Page 191 of Runaway Omega


Font Size:  

It took me a long time to realize that while Mom and I might resemble each other, last night, we were strangers in a strange house with no idea what to do or say to each other.

The awkwardness was unexpected. But the sadness? The not knowing when or even if I’ll see Cian, Kylian, and Rune again? That was the reason I spent most of last night crying in my nest. I expect tonight to go much the same way.

Overwhelmed by a refrigerator full of food, we’d settled on peanut butter and jelly sandwiches washed down with big glasses of milk, followed by an early night. And even though I had a nicely made-up bed, probably courtesy of Hali and Nancy, I’d crawled right into my closet nest, needing comfort instead.

Sleep didn’t come as easily to me as it had in Pack Ashe’s mansion.

I’d wake up, tiptoe down the hallway to this same door, and press my ear to the wood to listen to the woman softly snoring inside.

I’d needed to reassure myself I hadn’t dreamed everything up.

Now that I think of it, I don’t hear any soft snoring, and there’s a slight cool air brushing my ankles.

Closing my hand around the door handle, I push it open. The room is empty, the bedsheets rumpled. Mom at least slept in the bed, unlike me.

I inhale her faded sweet mint and candy apple scent. Smiling, I pull the door closed and go looking for my mom.

* * *

She’s in the backyard, sketchpad in her lap, pencil flying over the paper with her long blonde hair shielding her face.

It’s like looking at myself.

Strange.

A faint smile pulls on my lips as I watch her sitting in the middle of our surprisingly large and tranquil backyard filled with soft, sweet-smelling grass. There’s a rose bush with pink roses and a brown bench along one fence wall. She’s even wearing one of the summer dresses Hali bought for me.

Cian, Rune, and Kylian must have known once they took me to see Mom at the clinic, I would leave them. From the packed refrigerator, my closet nest, and all my clothes packed neatly in my dresser, they did everything they could to make this house ready for me.

I want to go see what she’s drawing, maybe ask her if she’s an artist, but I don’t want to interrupt her. This is her first day of freedom. If she came out here to draw, she must want to be alone.
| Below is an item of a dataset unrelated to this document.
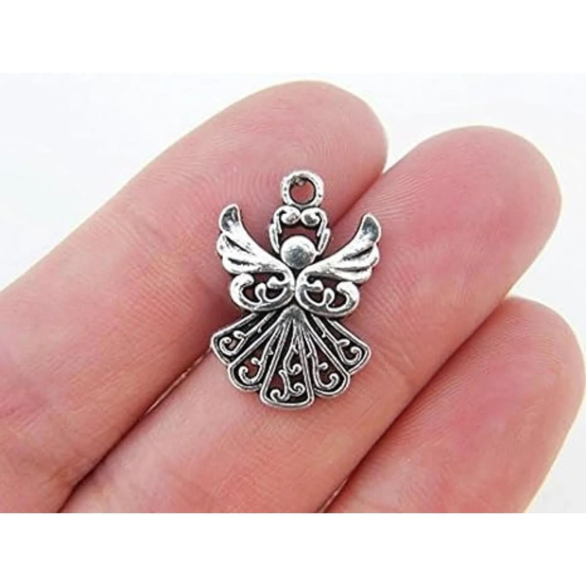 Colgante de plata y ángel, ángel, plata tibetana, ngel Encanto, suministros de joyería de plata, colgante de plata 21 x 14 mm Juego de 20 Angels ns681

Turning around, I prepare to go back inside. I’m reaching for the door when she calls out,

“You can join me if you want.”

I glance over my shoulder. Mom still has her head bent over her sketchpad as a slight wind tugs on her tresses.
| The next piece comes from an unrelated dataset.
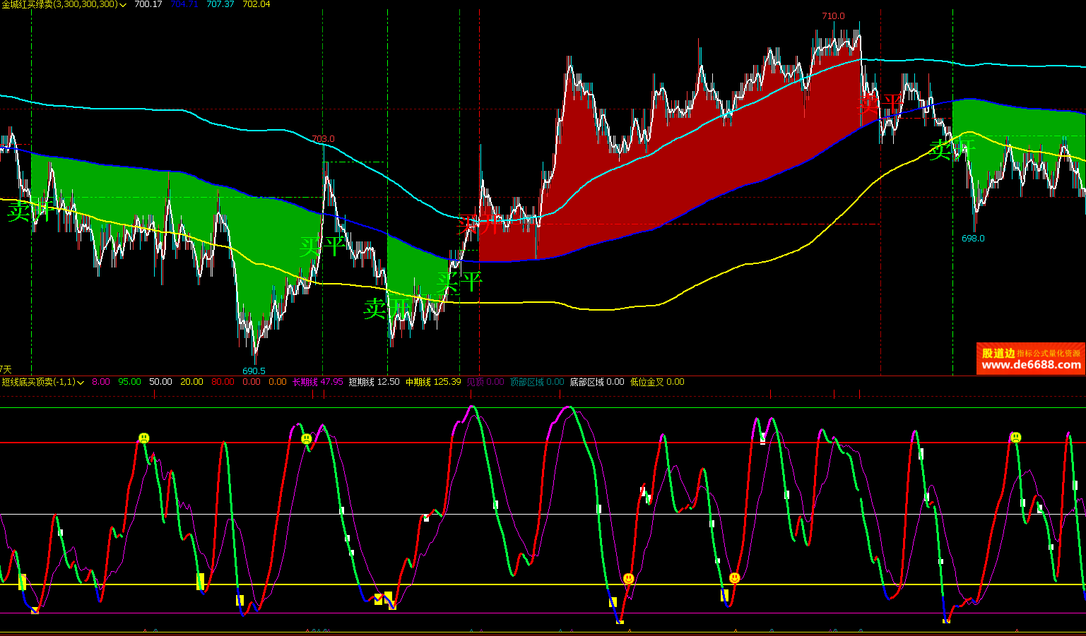 文华财经WH6 金城红买绿卖主图公式 买卖开平提示 主图指标源码 加密无时限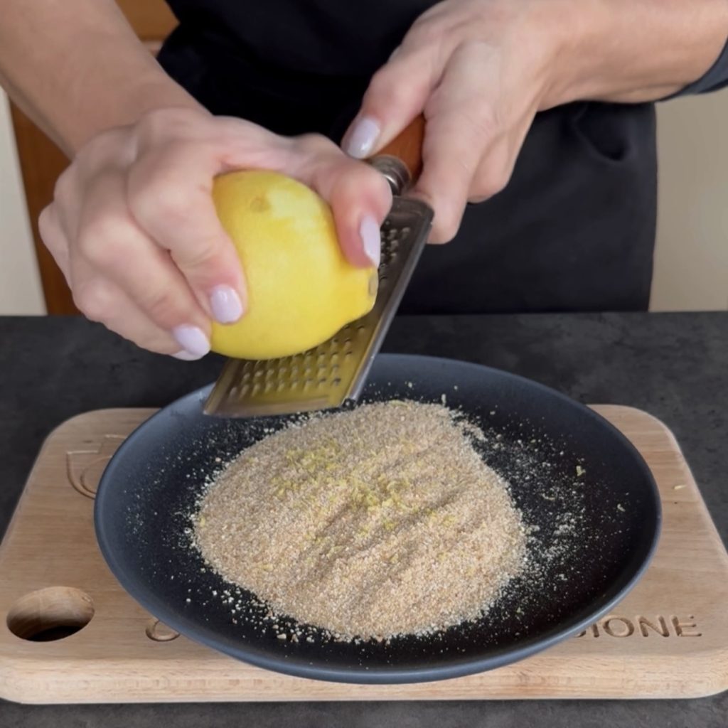 Giet het paneermeel in een bord, voeg de geraspte citroenschil toe

“What are you drawing?” I ask after watching her for a moment.

She shrugs. “Anything that catches my eye. A bird. A leaf. Anything.”

I choke back the need to cry. “I used to do the same thing.”

Her head whips up, and she stares at me, hazel-green eyes wide with surprise. “You draw?”

I nod. “I never knew where my love came from. Not until now.”

Her answering smile is sweet and a little rusty. Not crooked like Cian’s, but it’s clear—at least to me—she hasn’t smiled in a while. I guess she never had much of a reason to in the clinic. “It came from me.”

“I can get my sketchpad,” I offer.

“Okay.” Her smile widens.

I sprint up the stairs, grab the sketchpad and the pencil the three alphas packed alongside it, and hurry back downstairs to the garden.

She hasn’t moved. I find her sitting with her legs folded right in the middle of the garden and her head angled my way.

I drop to the grass beside her, setting my sketchpad on my lap. The only thing in it is the sketch I did of Rune. My old sketchpad, the one I loved so much and that fell in the garden a year ago, is gone. Probably forever.